# Data section
>>>
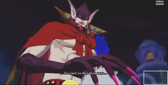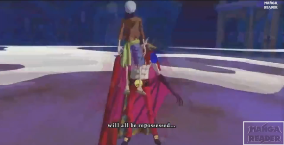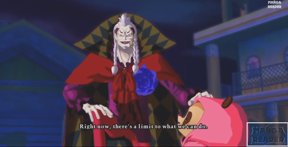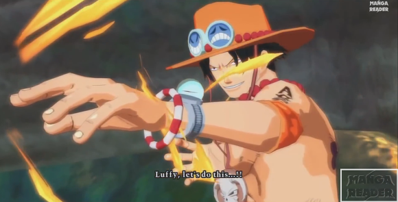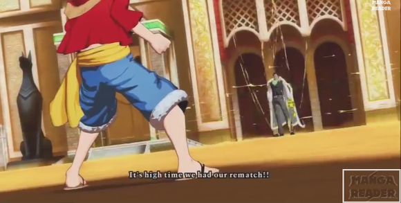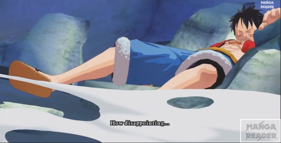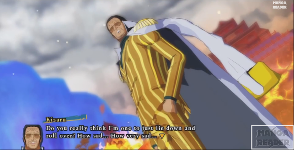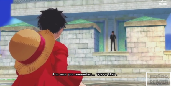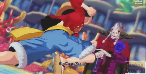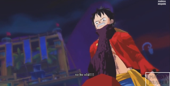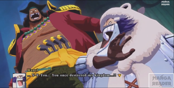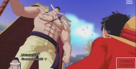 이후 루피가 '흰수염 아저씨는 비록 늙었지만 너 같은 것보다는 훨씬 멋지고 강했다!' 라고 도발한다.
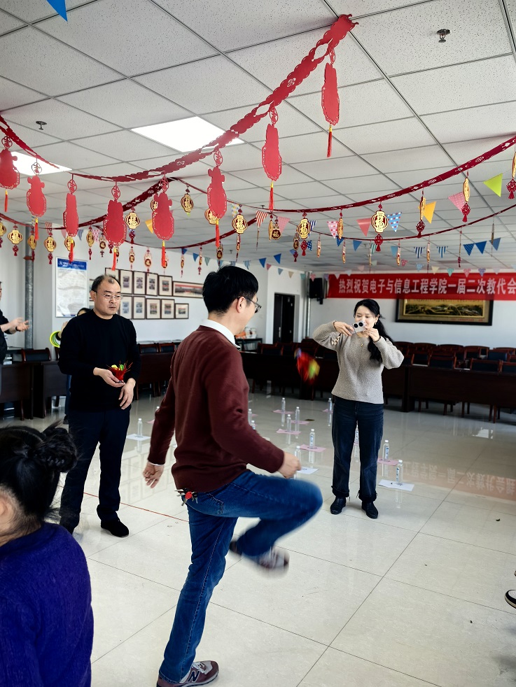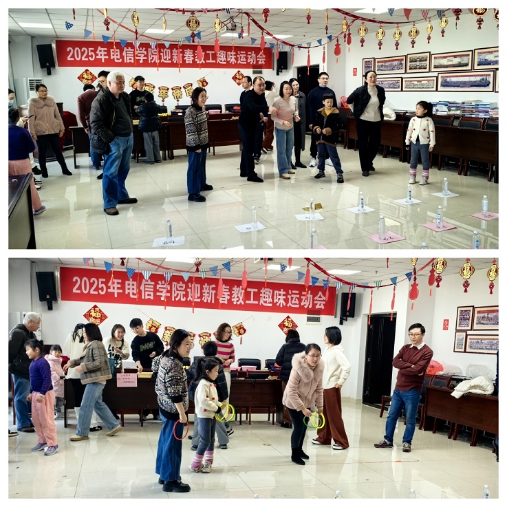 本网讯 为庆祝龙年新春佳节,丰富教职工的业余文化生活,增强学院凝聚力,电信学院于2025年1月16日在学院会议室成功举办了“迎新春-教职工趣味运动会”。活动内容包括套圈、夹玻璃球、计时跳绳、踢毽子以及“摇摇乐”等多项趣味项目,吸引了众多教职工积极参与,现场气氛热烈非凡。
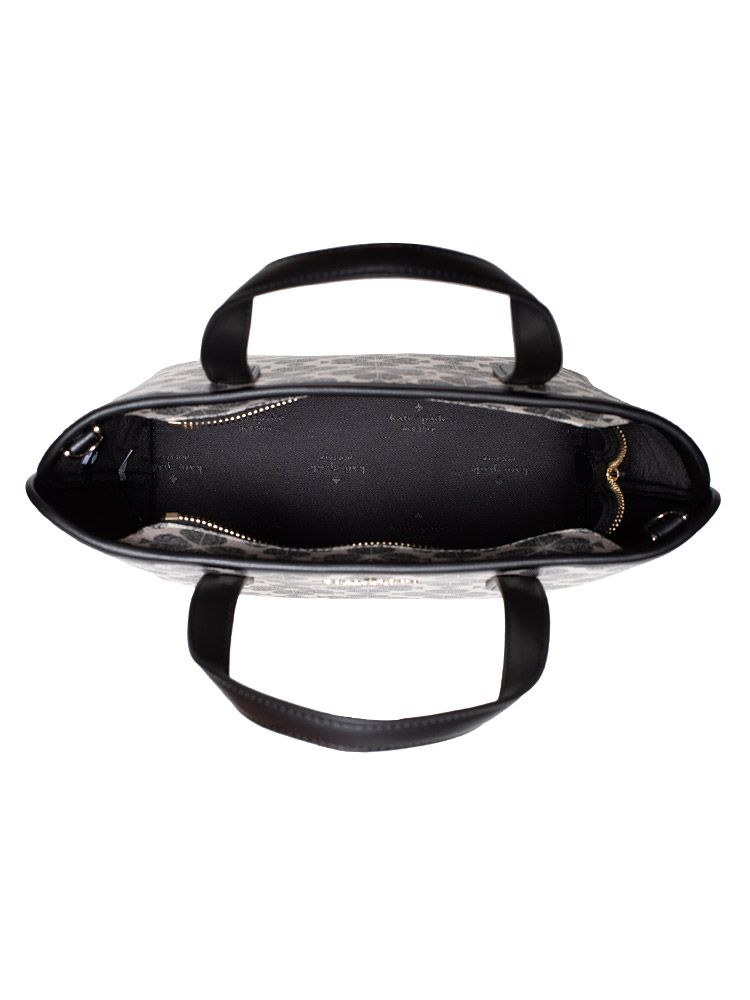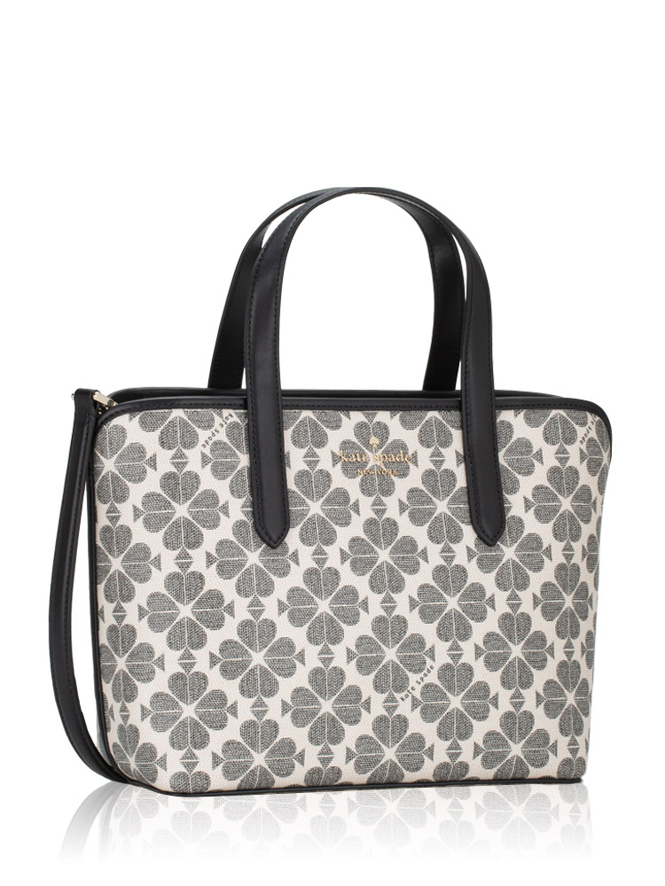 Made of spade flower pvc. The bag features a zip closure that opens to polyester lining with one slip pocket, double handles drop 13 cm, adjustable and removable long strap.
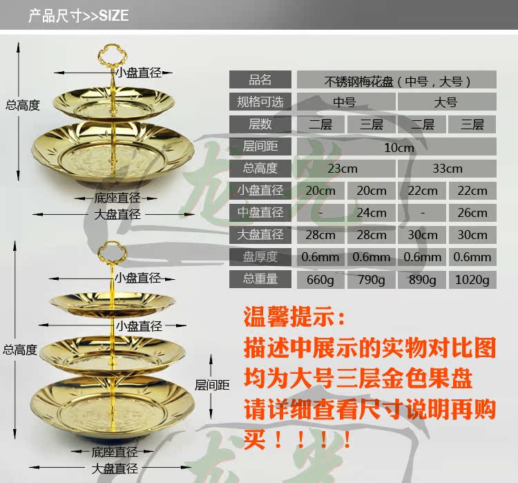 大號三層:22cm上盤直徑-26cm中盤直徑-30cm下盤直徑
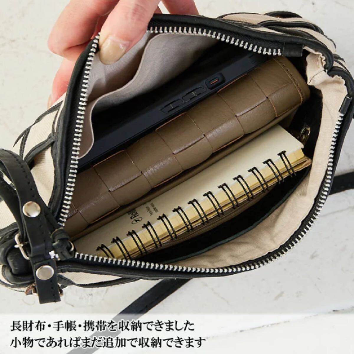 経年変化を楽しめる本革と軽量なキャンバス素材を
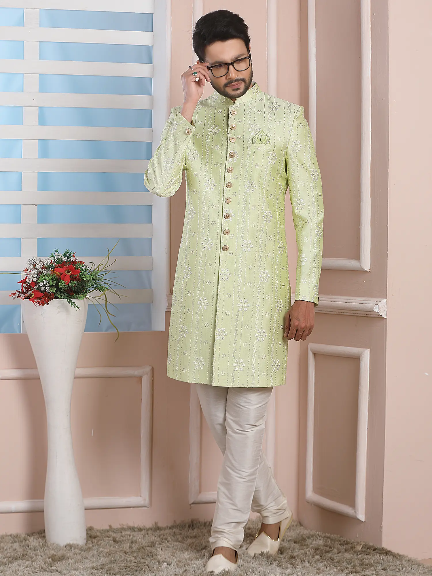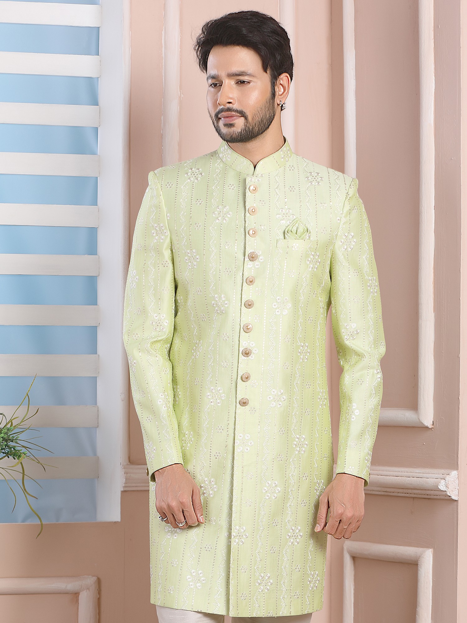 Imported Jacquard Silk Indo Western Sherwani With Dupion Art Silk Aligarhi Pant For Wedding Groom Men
<<<
>>>
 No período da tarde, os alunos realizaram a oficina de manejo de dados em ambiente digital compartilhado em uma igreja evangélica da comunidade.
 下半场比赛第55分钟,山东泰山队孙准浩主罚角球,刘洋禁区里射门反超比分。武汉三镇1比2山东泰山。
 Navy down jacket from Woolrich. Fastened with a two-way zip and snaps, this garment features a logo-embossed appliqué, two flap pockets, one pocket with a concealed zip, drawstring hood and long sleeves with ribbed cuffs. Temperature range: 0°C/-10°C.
<<<
# Task directions
Give back the exact lines above, running from the one that has "本网讯 为庆祝龙年新春佳节,丰富教职工的" through the one that has "Imported Jacquard Silk", with nothing added and no pictures.

# Exercise response
 本网讯 为庆祝龙年新春佳节,丰富教职工的业余文化生活,增强学院凝聚力,电信学院于2025年1月16日在学院会议室成功举办了“迎新春-教职工趣味运动会”。活动内容包括套圈、夹玻璃球、计时跳绳、踢毽子以及“摇摇乐”等多项趣味项目,吸引了众多教职工积极参与,现场气氛热烈非凡。
 Made of spade flower pvc. The bag features a zip closure that opens to polyester lining with one slip pocket, double handles drop 13 cm, adjustable and removable long strap.
 大號三層:22cm上盤直徑-26cm中盤直徑-30cm下盤直徑
 経年変化を楽しめる本革と軽量なキャンバス素材を
 Imported Jacquard Silk Indo Western Sherwani With Dupion Art Silk Aligarhi Pant For Wedding Groom Men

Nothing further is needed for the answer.